Thanks, this would have saved me a bunch of time and I wish I'd known this before writing this article. I'll add it in as a footnote later on.

For anyone who's curious, here's the output of the infgen program on the gzip file in the article (I remade the file so the timestamp is different)

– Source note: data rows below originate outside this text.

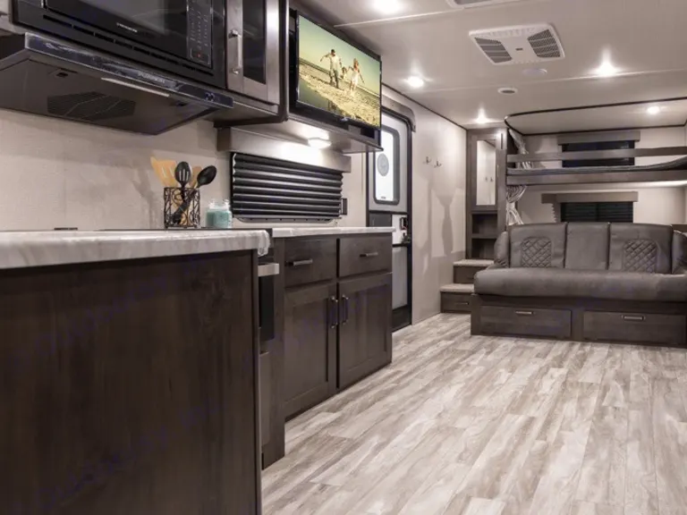 Are you ready to camp in comfort with your family or friends and make a wonderful memories? This travel trailer allows you to do just that! There are double-size bunks in the back with two steps that have storage for books or board games. Spacious living room and bathroom. Great for big families!We offer no hassle camping with drop off and pick up option.Let's go camping!What's includedPillows and fresh linens are provided. Also fully stocked kitchen with plates, utensils, pots.
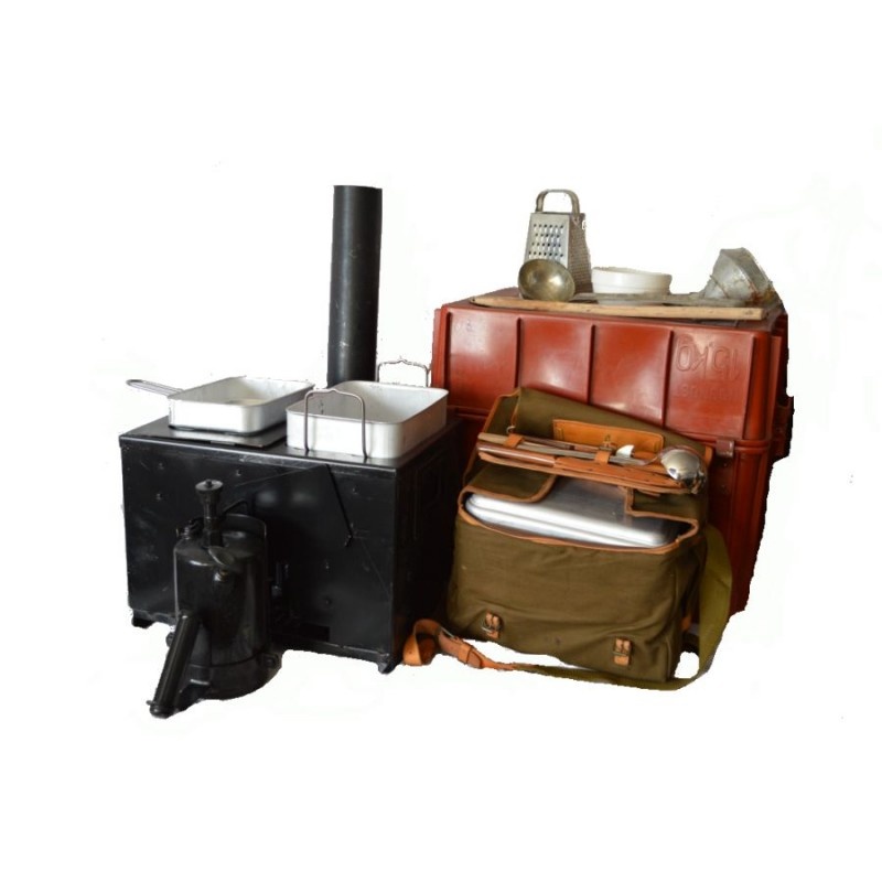 vybavenou brašnu s nádobím a příslušenstvím a kompletním krbem s letlampou, bez bedny, foto ilustrační. Dohoda možná.
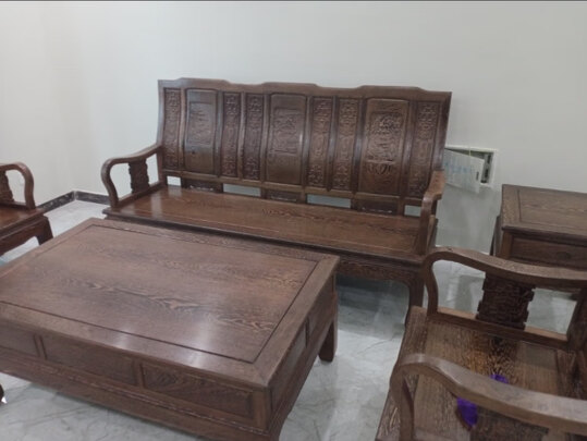 沙发收到后,确实让我很惊喜,比图片描述的要更好看一些。坐起来很舒服,靠背的雕花也很漂亮,朋友们都说很高档
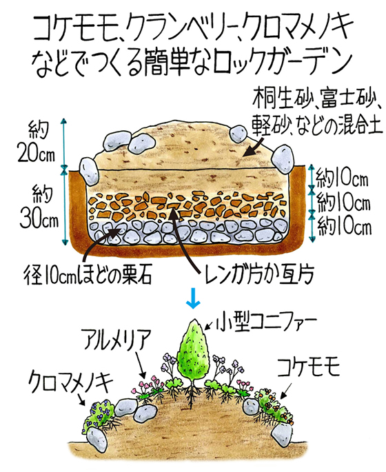 参考に、暑さに弱いブルーベリーの仲間や高山植物を本格的に育てるためのロックガーデンのつくり方をイラストで示しました。クランベリーやコケモモの栽培にも挑戦してみてください。ロックガーデンは、20cmほどの高さに盛り土をし、用土が流亡しないように、周囲を石などで囲ってつくります。クランベリー、クロマメノキ、コケモモとともに、小型のコニファーやミヤマオダマキ、アルメリアなどの高山性植物を植えるとよいでしょう。
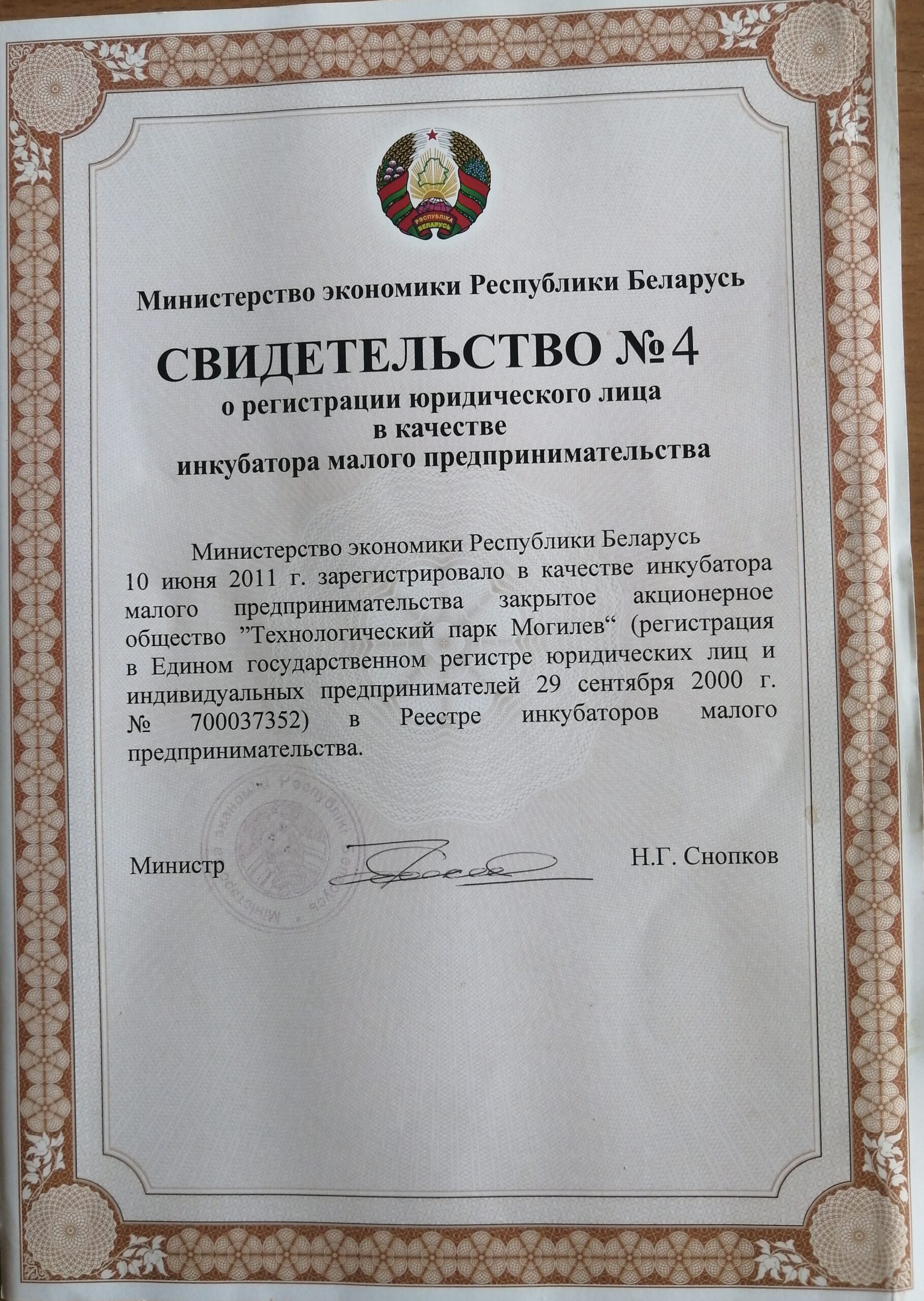После вступления в силу Постановления Совета Министров Республики Беларусь от 30.12.2010 N 1911 «О мерах по реализации Закона Республики Беларусь «О поддержке малого и среднего предпринимательства» Министерством экономики было выдано Свидетельство № 4 о регистрации юридического лица в качестве инкубатора малого предпринимательства.

  $ cat test.out.gz | ./infgen -ddis
  ! infgen 2.6 output
  time 1637813470 ! UTC Thu Nov 25 04:11:10 2021
  name 'test.out
  last                    ! 1
  fixed                   ! 01
  literal 'a              ! 10010001
  literal 'a              ! 10010001
  match 6 1               ! 00000 0000100
  literal 10              ! 00111010
  end                     ! 0000000
  ! stats literals 8.0 bits each (24/3)
  ! stats matches 66.7% (1 x 6.0)
  ! stats inout 5:6 (4) 9 0
                          ! 00
  ! stats total inout 5:6 (4) 9
  ! stats total block average 9.0 uncompressed
  ! stats total block average 4.0 symbols
  ! stats total literals 8.0 bits each
  ! stats total matches 66.7% (1 x 6.0)

> (I remade the file so the timestamp is different)

That's why you should always use "gzip -n". Having the file name and timestamp in the compressed file header was IMO a mistake, and newer single-file compressors (bzip2, xz, zstd) AFAIK don't even have these fields in their native file format.

Woah! I didn't even notice it was him. Most of the accepted answers relating to anything Deflate are by him on Stack Overflow, so I shouldn't be surprised.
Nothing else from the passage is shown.